I always knew I had a heart murmur, some doctors could hear it, some couldn't. At a yearly physical, the doctor heard it and sent me to get an echocardiogram. During that exam in February 2008 they found I had a bicuspid aortic valve. The cardiologist I saw after to read me the results of the echo told me that I had the BAV, and that it didn't mean anything different for me, and that only SOME people need to have surgery later in life due to having one. Sent me on my way. By the way the cardiologist I saw is part of a group practice that is known to be the best in my area. I live in a Chicago suburb.

Anyhow, I got pregnant that March, had a baby in December of 2008, and then had another baby in December of 2009 (4 weeks ago). On December 12 2009, 5 days after giving birth, I got the worst headache in my life. I could feel my heartbeat in my head and I could not function. I had no choice but to go to the E.R. My husband took me, they did ct scans and mri's and ultrasounds. They couldn't explain my headache but I was feeling better because they put me on a Demerol drip.... They told me my gallbladder was bad and they would remove it the next day! I was shocked because I had no gallbladder symptoms. They also mentioned something about my heart, and I didn't understand the lingo or elaborate because they didn't make a big deal about it, and I was in so much pain I could careless. So the next morning my internist came in to talk to me about my gallbladder surgery. So we talked and he was walking out the door when he said oh yeah, lets talk about your aneurysm. I was shocked. I was like my what?!?!? He said yeah, you have an aneurysm on your ascending heart valve and drew a little picture for me on the dry erase board. I was in such shock.

He told me if I survived having 2 babies in one year, I was doing pretty good. He said the size of the aneurysm was 4.5cm. So fast forward, I followed up with his cardiologist that he recommended to me, which happened to be the same cardiologist I had seen in February of 2008.

I had all my reports sent to him, including the echo from 2008. At the visit with the cardiologist last week, he told me that in 2008 my aneursym was 4.2cm and that it is now 4.8cm. I was once again shocked, because in 2008 he NEVER mentioned aneurysm once. And now he is telling me it is 4.8cm and not 4.5 like they said at the hospital. He said for most people they operate at 5.5cm, but for me, they will operate at 5cm. He told me I would get the surgery at Northwestern Hospital in Chicago by Dr. McCarthy. I asked him what surgery would I as the exact name and he said it was an Aortic Valve Replacement with Ascending Valve Replacement.

He asked if I was done having kids and I told him I always wanted 4 but thank god I had 2 in the past year before I knew about this. I am 27 years old by the way. So he told me to come back in 6 months for another echo and to check growth.

Now, after all this information and having 2 little babies, I can not sit around for 6 months wondering if I am just going to burst one day. So I made an appt. with Dr. McCarthy's office for this week. I will get an echo there and they will talk to me about their opinions. I have done a lot of research on Dr. Patric McCarthy and feel very confident in his thoughts on when he thinks I should get the surgery.

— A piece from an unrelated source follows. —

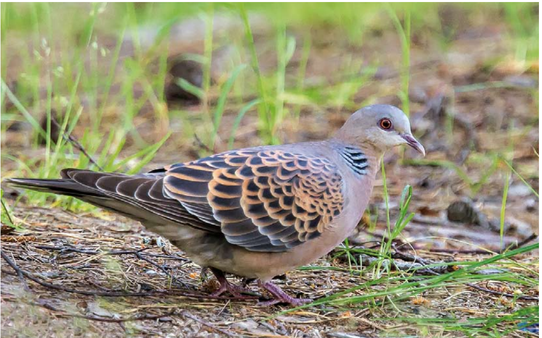
483 Rufous Turtle Dove / Meenatortel Streptopelia orientalis meena, near Nevyansk, Yekaterinburg, Russia, 17 June 2013

Now I have been thinking, being told I can't have any more children is not something I was ready for. If nothing is wrong with my aortic valve other then it being bi cuspid, can't they just fix the aneurysm so I can have more children and worry about replacing the valve down the road? What can happen if it is not replaced? I didn't think to ask the doctor this when I was there. I will certainly ask the new doctor. It probably can't be done that way, but I am just trying to think of all of my options!

Thanks for listening, I intend on being a very active user on this site and appreciate any thoughts or opinions on my situation! You are all such an inspiration! I am scared and have so much anxiety over this. It's terrible! But I do realize what a miracle it was that I just happened to have a CT SCAN due to that horrible headache that found the aneurysm. Otherwise, I know I probably wouldn't be around much longer without that being found. Also, my headache was due to the epidural I got during labor. If I can ever have kids again, I would rather NOT get the epidural, then get the headache ever again!

Thanks for listening!

Jackie
 
wow you've have a couple busy years. IF you want to have more children tell your surgeon (who is VERY good BYthe way) depending on your valve, if they have to repair the aorta, the could either do a valve sparring and leave your own valve, if it is in good enough shape, or give you a tissue valve, that wouldn't last as long as a mechanical, but are usually advised for women who want to have children, since you need to take coumadin with the mechanical valve and that is usually not recomended for pregancy.
Ask any questuons, usually someone here can answer them
 
You are certainly very fortunate to have been directed to see Dr. McCarthy for Surgery. He ranks as one of the Best of the Best for Aorta Surgery and is our moderator's HERO. In case you don't already know, Northwestern "Stole" (per Ross, our moderator) Dr. McCarthy from the Cleveland Clinic which is the #1 Rated Heart Hospital.

THE Big Deal about BiCuspid Aortic Valves and Ascending Arota Aneurisms is their high correlation with Connective Tissue Disease. IF you have this condition, it is most definitely in your best interest to have the Valve Replaced and the Aneurism repaired / Aorta Replaced in ONE operation. Having a Surgeon who KNOWS how to recognize Connective Tissue Disease and what to do about it is THE KEY to your long-term future (and again, Dr. McCarthy is very possibly the BEST in Chicago).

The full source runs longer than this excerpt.